Before learning how to program, it's probably a good idea to define what programming actually is in the first place. We'll also go over some basics of how a computer works. I'd recommend reading this before diving into the programming tutorials, that way programming is less of a magic black box to you. You don't necessarily need to become an expert on this stuff in order to program, but being aware of what's going on behind the scenes when you run your program is a good idea.

What's a program?

First off, we can define a program as a set of instructions that a computer follows to accomplish some task. The programs most people are familiar with involve graphical user interfaces, or GUIs, which include buttons and ways for a user to interact and provide input. But many programs are run via the command prompt without a gui. Other programs are run completely behind the scenes with no direct user input. Some examples might be firefox, or a word processor, or even pieces of the underlying operating system that handle things like displaying your icons and figuring out what to do when you click somewhere.

How do programs tell the computer what to do?
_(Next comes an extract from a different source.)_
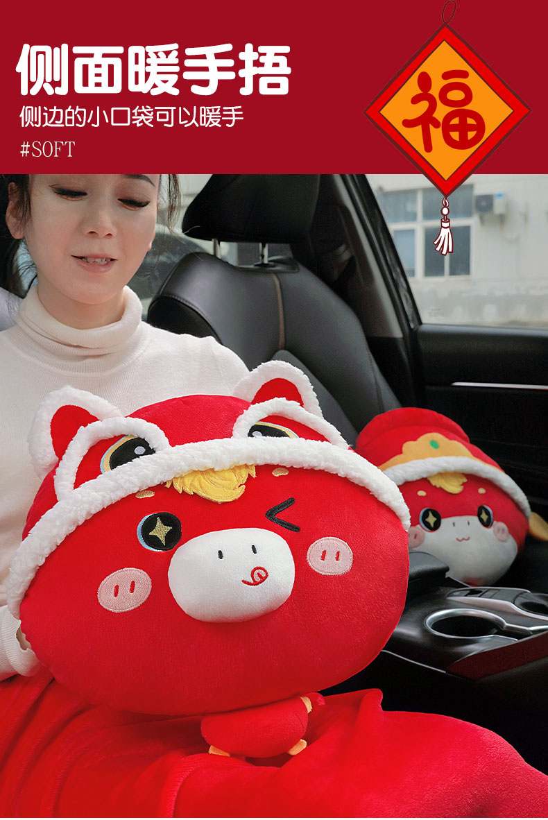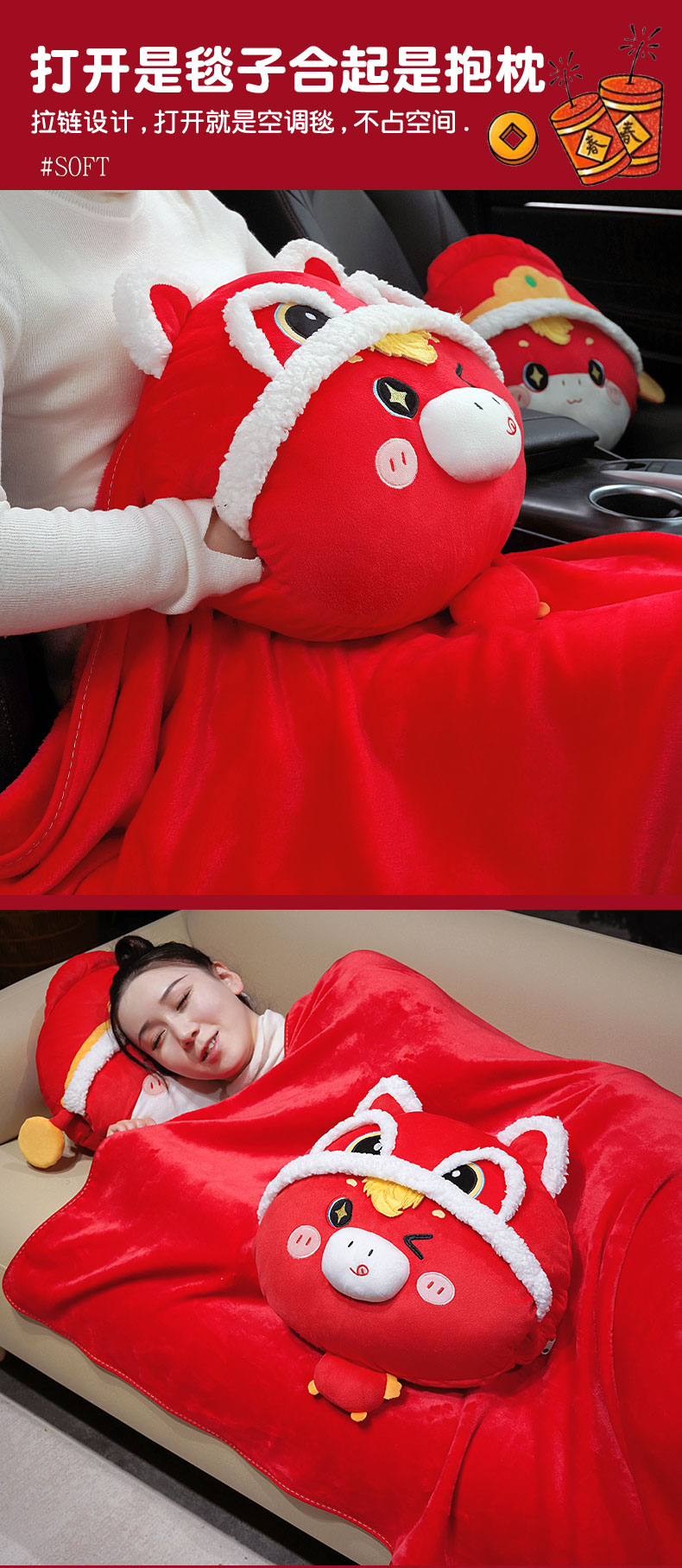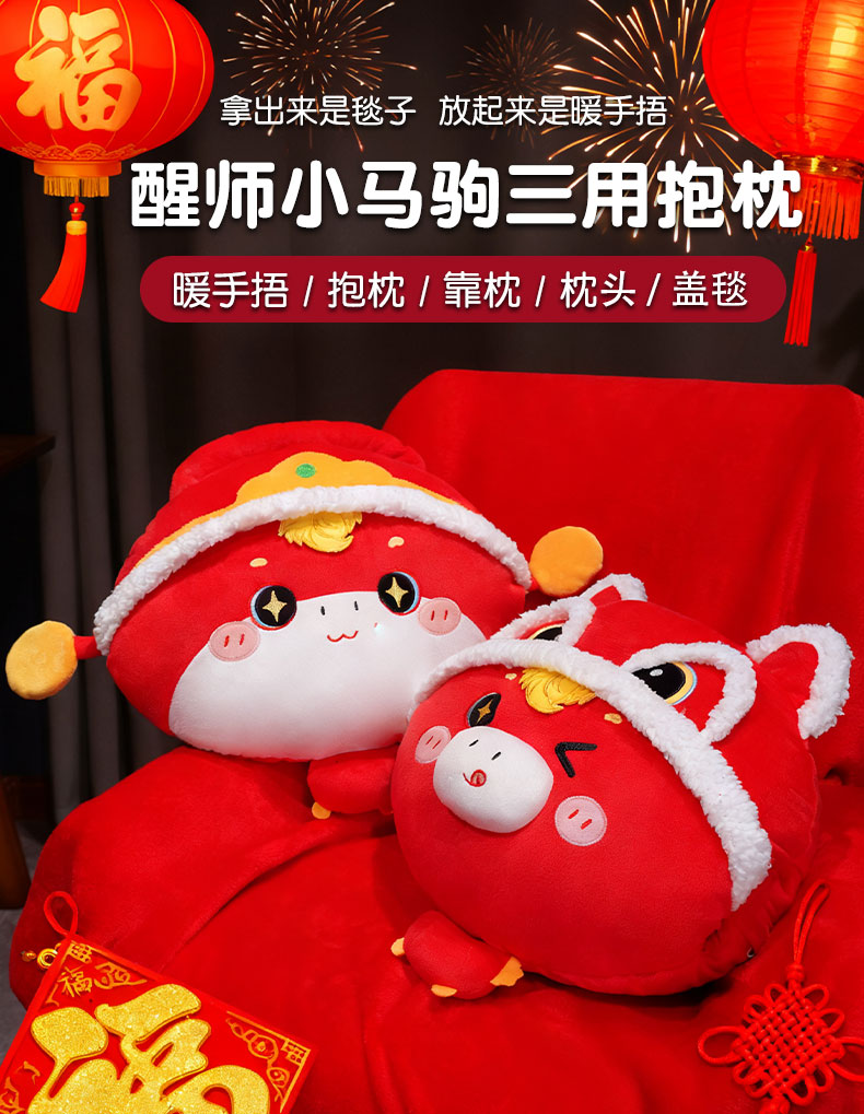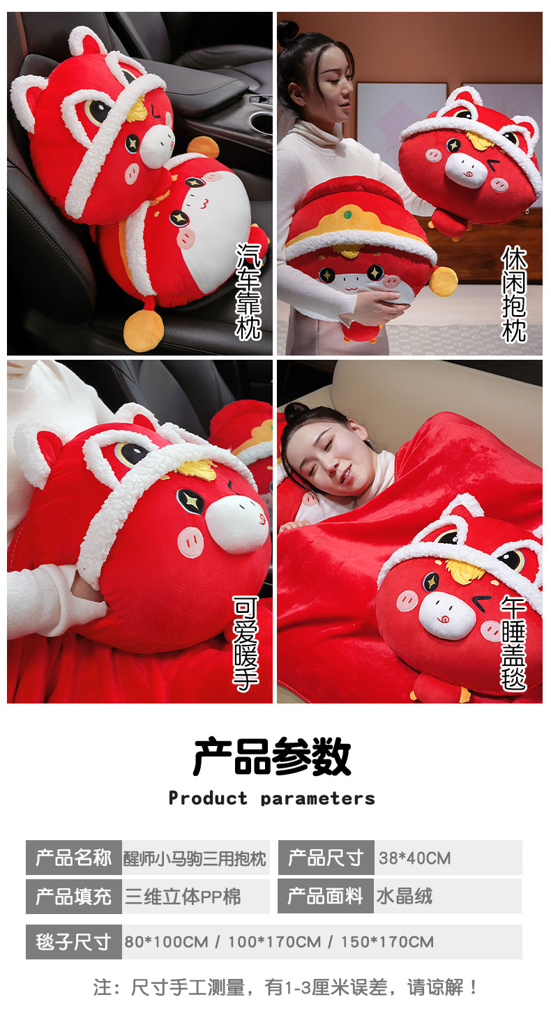 商品名称:仟亿莱 2025新款醒师小马驹三用抱枕毯 财神福马-1

Computers don't understand words (at least not directly), but they can associate numbers with more meaningful concepts- concepts such as a piece of data, or an operation that allows the computer to manipulate data. A computer uses numbers to stand for things like the letter C or the color red, or the act of adding two numbers or saving something to a memory address. At the lowest level, a program is just a series of numbers representing data and instructions on what to do with that data.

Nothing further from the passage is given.